What you should do
Could you restate, exactly and with nothing added, the lines from the start of the data through the line that holds "OPEN BOX AS-IS", leaving the pictures out?

[Collected data entries]
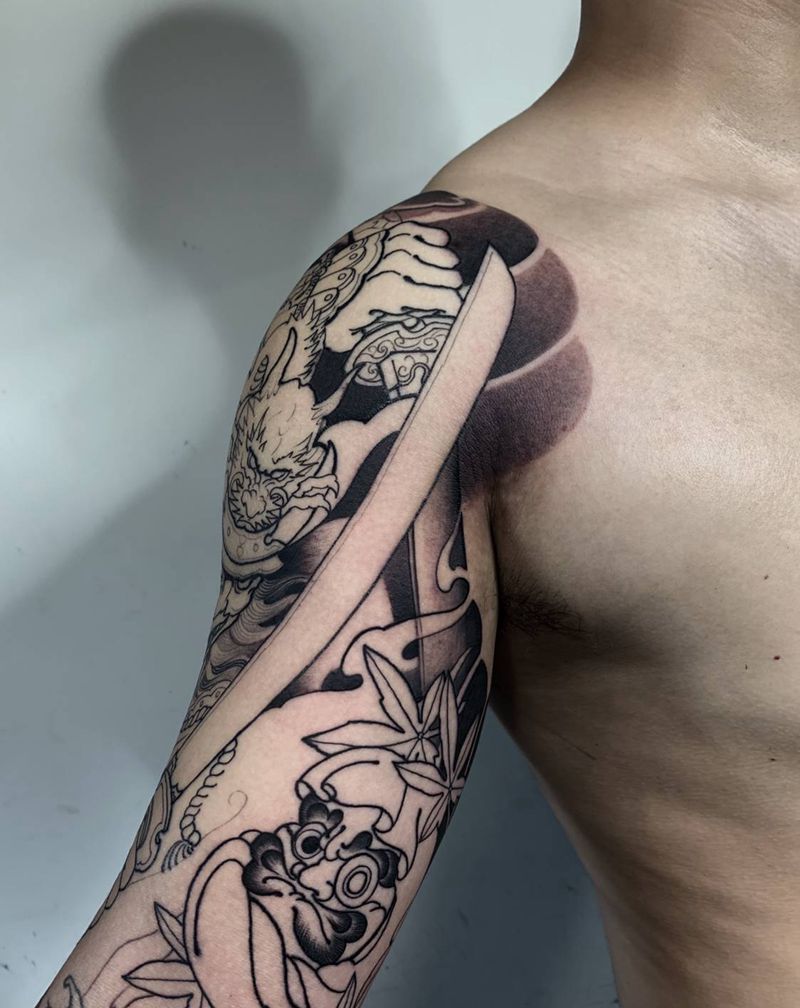手臂武士大臂纹身图片_手臂新传统重庆义雕堂刺青纹身图案
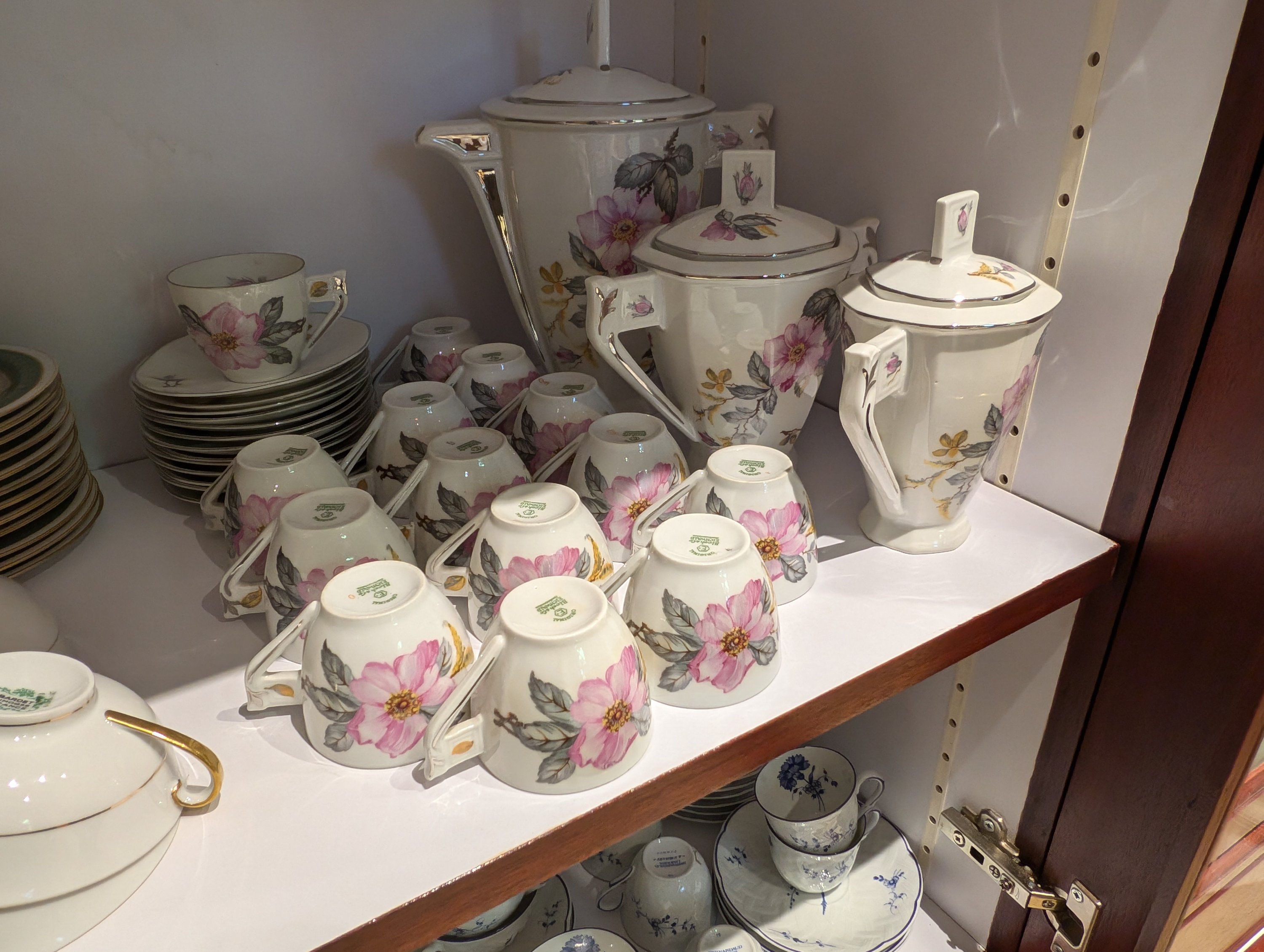 comprenant tasses, soucoupes, théière, cafetière et pot à sucre.
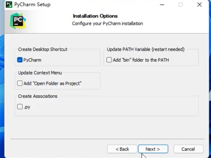 勾选第一个(创建桌面快捷方式),有些教程也会勾选.py的那个,我没有勾选它,然后点击“Next”
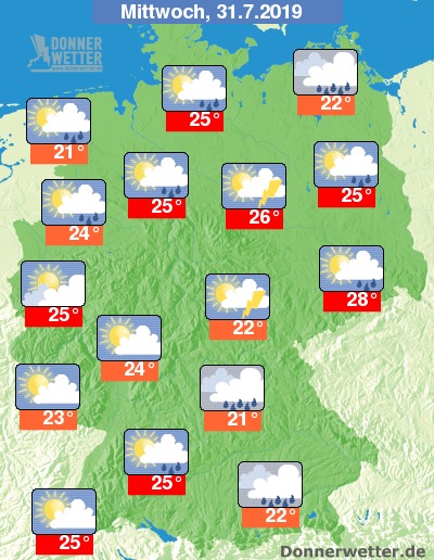 Auch am Mittwoch sind Schauer keine Ausnahme, man muss teils auch mit stärkeren Schauern gerade an der Ostseeküste und im Süden um Oberfranken und Oberbayern rechnen. Zudem besteht ein Gewitterrisiko. Die Sonne zeigt sich im Tagesverlauf auch mal. Die Temperaturen erreichen 21 Grad im Ostfriesland und 28 Grad im Erzgebirge.
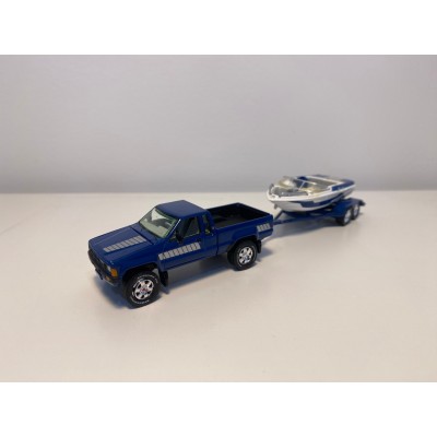 OPEN BOX AS-IS 1/64 Johnny Lightning 1985 Toyota SR5 Pickup with Malibu Speed Boat Trailer (Blue) Diecast Models
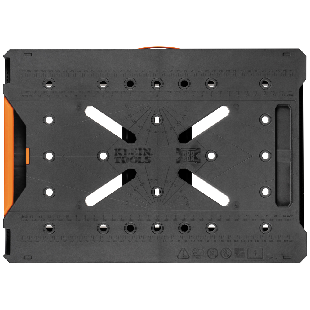 The MODbox™ Folding Work Bench is a versatile, compact, portable workstation. The large work surface includes holes to secure materials in place with clamps. MODbox™ accessories easily attach to rails on both ends, allowing for convenient storage of parts and tools. Designed to quickly open and close with the push of a button and push/pull of the handle, the work bench easily maneuvers around a job site or garage and easily folds for compact storage.
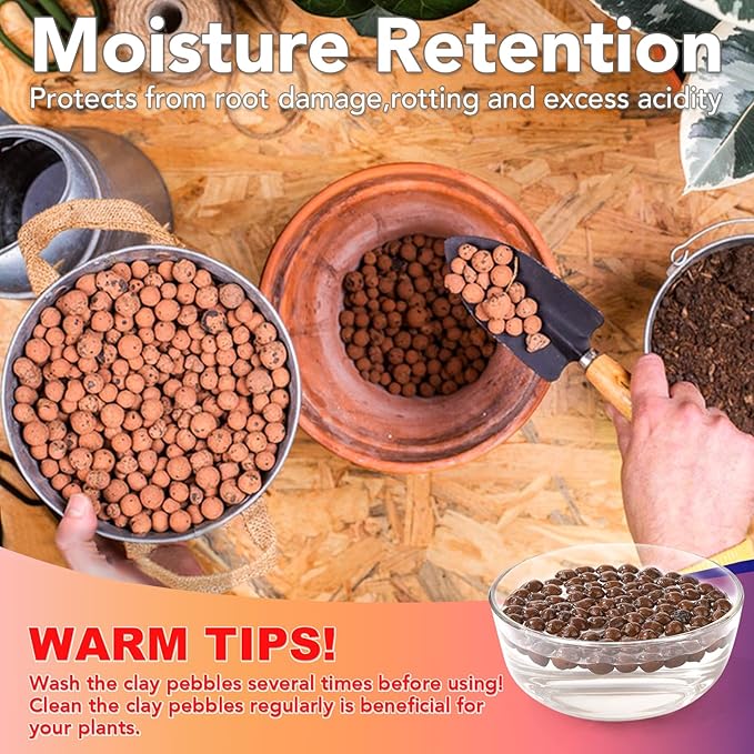 - 【EXCELLENT DRAINAGE】Expanded clay pebbles provide good drainage and water retention for plants.When clay pebbles are placed at the bottom of the pot, it prevents plant roots from rotting. Putting them on top not only keeps the soil wetting, but also can be used to decorate the plants.
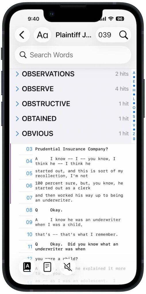 Searching a transcript is easy. You can either use the magnifying glass at the top right to search for words, or you can tap the index button at the bottom left to see each word in the deposition and the number of times it appears.
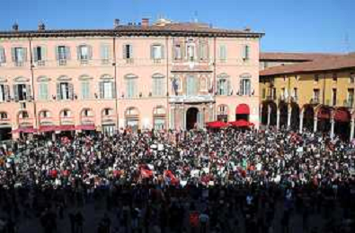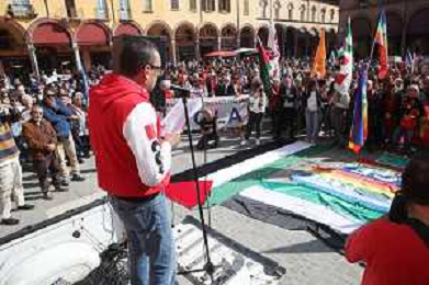 IMOLA 03 10 2025 PROTESTA PER PALESTINA LIBERA E PER LA FLOTILLA VERSO GAZA E SCIOPERO GENERALE CGIL IMOLA IN DIFESA DI FLOTILLA PER GAZA NELLA FOTO STEFANO MONI CGIL IMOLA CON LA GENTE IN PIAZZA MATTEOTTI ©SANNA - AGENZIA ALDO LIVERANI SAS
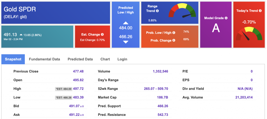 Using SPDR GOLD TRUST (GLD) as a tracker in our Stock Forecast Tool, the 10-day prediction window shows mixed signals. The gold proxy is trading at $491.13 at the time of publication. Vector signals show -0.70% for today. Prediction data is uploaded after the market close at 6 p.m., CST. Today’s data is based on market signals from the previous trading session.
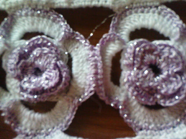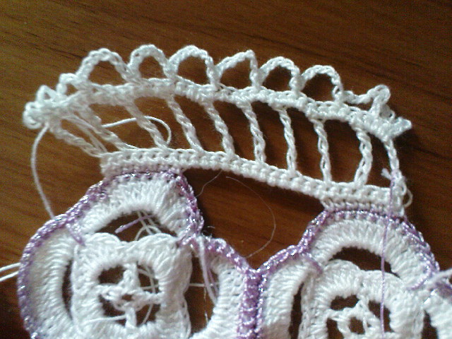 هذه عينة راح اشتغل عليها للشرح هنا الجزء العلوي يعني الرقبة نشتغل 7 غرزات حشو فوق البتلة ثم نعمل 9 سلاسل ونصل بالبتلة الثانية ب7 غرز حشو وهكذا ثم نطلع ب4 سلاسل وسلسلتين ونلف الخيط على 3 ونعمل عامود وبين كل عامود سلسلتين وهكذا

Problem solution
手臂武士大臂纹身图片_手臂新传统重庆义雕堂刺青纹身图案
 comprenant tasses, soucoupes, théière, cafetière et pot à sucre.
 勾选第一个(创建桌面快捷方式),有些教程也会勾选.py的那个,我没有勾选它,然后点击“Next”
 Auch am Mittwoch sind Schauer keine Ausnahme, man muss teils auch mit stärkeren Schauern gerade an der Ostseeküste und im Süden um Oberfranken und Oberbayern rechnen. Zudem besteht ein Gewitterrisiko. Die Sonne zeigt sich im Tagesverlauf auch mal. Die Temperaturen erreichen 21 Grad im Ostfriesland und 28 Grad im Erzgebirge.
 OPEN BOX AS-IS 1/64 Johnny Lightning 1985 Toyota SR5 Pickup with Malibu Speed Boat Trailer (Blue) Diecast Models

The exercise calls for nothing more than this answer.